We adopt magnitude-based pruning via TensorFlow Model Optimization Toolkit. For each convolutional layer  $l$  with weights  $W_l \in \mathbb{R}^{C_{out} \times C_{in} \times k \times k}$ , channel importance is computed as  $I_c = \|W_{l,c}\|_1$ , and channels with lowest  $I_c$  are removed until target sparsity  $s_l$  is achieved.

### 2.2 Layer Sensitivity Analysis

For each layer  $l$  and candidate bitwidth  $b \in \{8, 6, 4\}$ , we quantize only that layer and measure validation accuracy drop  $\Delta A_{l,b}$ . The sensitivity score is defined as:

$$S_{l,b} = \frac{\Delta A_{l,b}}{\text{MemorySaved}(b)} \quad (1)$$

This metric prioritizes layers where aggressive quantization causes minimal accuracy impact per unit of memory saved.

### 2.3 Mixed-Precision Assignment

Given total memory budget  $B_{max}$ , we solve the optimization:

$$\min_{b_l} \sum_l S_{l,b_l} \quad \text{s.t.} \quad \sum_l \text{Bits}(b_l) \leq B_{max} \quad (2)$$

A greedy allocator assigns lower bitwidths to layers with smallest  $S_{l,b}$  values, enabling efficient compression while preserving accuracy.

### 2.4 Quantization-Aware Training and Deployment

After bitwidth assignment, we perform QAT using TensorFlow Model Optimization Toolkit to recover accuracy. Integer-only TFLite models are deployed on ARM Cortex-M4 via TensorFlow Lite Micro, with latency measured using hardware cycle counters.

## 3 Planned Experiment

**Setup:** CIFAR-10 (60K images,  $32 \times 32 \times 3$ ) and TinyImageNet (200 classes,  $64 \times 64 \times 3$ ); MobileNetV2 ( $\alpha = 0.35$ ) and ResNet-20; ARM Cortex-M4 @ 80MHz (Arduino Nano 33 BLE Sense); TensorFlow, Tensorflow model optimization toolkit, TensorFlow Lite Micro.

## 4 Final Remarks

We aim to present SG-MPQP, a practical framework combining structured pruning and sensitivity-guided mixed-precision quantization for TinyML vision model. We expect our approach will achieve substantial compression and speedup on real ARM Cortex-M4 hardware without expensive neural architecture search. The lightweight sensitivity metric enables efficient bitwidth assignment, making the framework accessible

for rapid edge AI deployment. Future work will explore sub-4-bit quantization and dynamic precision adjustment for further optimization.

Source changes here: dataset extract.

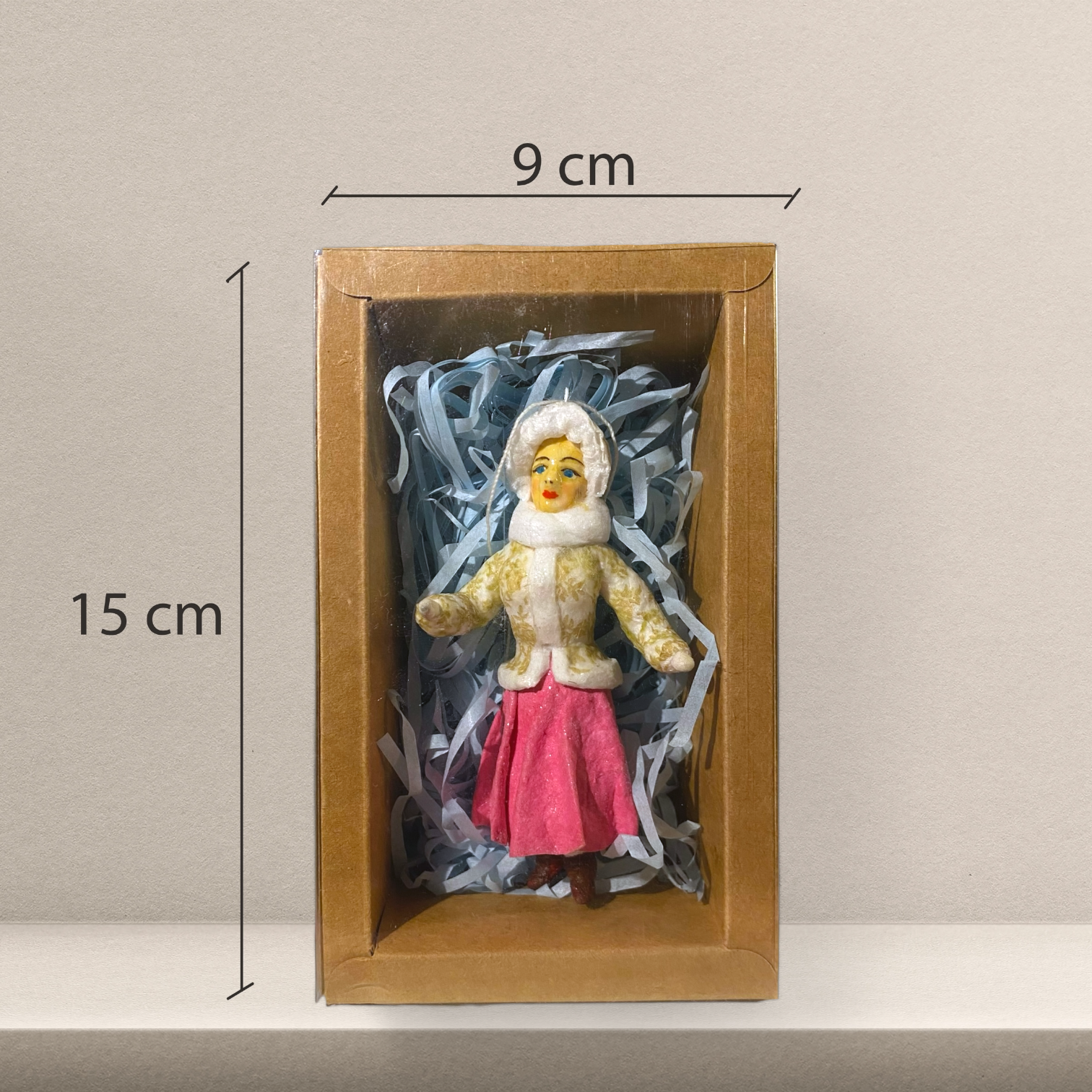 Seltene handgefertigte Figur aus gesponnener Baumwolle. Die Frau im rosa Rock wurde kunstvoll um einen Drahtkern geformt und bemalt – ein charmantes Stück Weihnachtsgeschichte und ein begehrtes Sammlerobjekt.

**Sample of how we will present results:**

| Method                | Acc. (%) | Size (KB) | Lat. (ms) |
|-----------------------|----------|-----------|-----------|
| FP32 Baseline         | -        | -         | -         |
| 8-bit QAT             | -        | -         | -         |
| Pruning Only          | -        | -         | -         |
| Mixed-Precision       | -        | -         | -         |
| <b>SG-MPQP (Ours)</b> | -        | -         | -         |

Table 1: We intent to present our findings on CIFAR-10 and TinyImageNet with MobileNetV2 and ResNet-20 architectures deployed on ARM Cortex-M4 microcontrollers as shown in the table.

**Reproducibility:** We will provide a detailed reproducibility document including code, hyperparameters, and deployment instructions to facilitate adoption and further research in TinyML applications once the work is complete and published.